A todos esos eventos los judíos sobrevivieron sin tener un territorio ni instituciones de autogobierno, mucho menos un Estado. Lo hicieron solo armados de su cultura y religión, que lograron preservar allá donde fueron. Hasta que, en 1947, lograron el amparo de la comunidad internacional para fundar un Estado bajo la inédita cobertura tanto de Estados Unidos como de la URSS. El Estado judío se encontró el mismo día de su proclamación, en mayo de 1948, con un ataque coordinado de siete vecinos árabes. Lejos de perecer, Israel ganó aquella guerra, como todas las siguientes que sus vecinos emprendieron contra él. Tuvieron que llegar 1973 y otra nueva derrota militar para que Egipto reconociera y aceptara la existencia del Estado de Israel, y firmara en 1978, auspiciada por EEUU, los Acuerdos de paz de Camp David.

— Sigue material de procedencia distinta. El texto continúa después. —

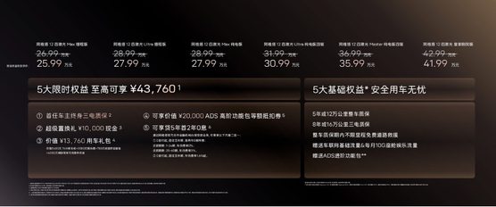 本次阿维塔12四激光版上市,还推出了重磅购车礼遇,至高可享43,760元,5大限时权益。首任车主终身三电质保;超级置换礼10,000元现金;价值13,760元用车礼包;可享价值20,000元ADS 高阶功能包等额抵扣券;可享贷5年首2年0息政策。

La tenacidad de Israel logró la admiración de muchos, incluso de una parte de la izquierda europea, fascinada por líderes laboristas israelíes como Golda Meier y por los experimentos socialistas puestos en marcha en los kibutz. Ese pueblo milenario mostró que podía sobrevivir a las circunstancias más adversas. Todavía hoy, aunque son minoritarios en número y habitan en un territorio disputado y bajo un Estado rechazado por muchos, lejos de ser débiles o estar sometidos a sus vecinos, más numerosos, son más fuertes militarmente que nunca.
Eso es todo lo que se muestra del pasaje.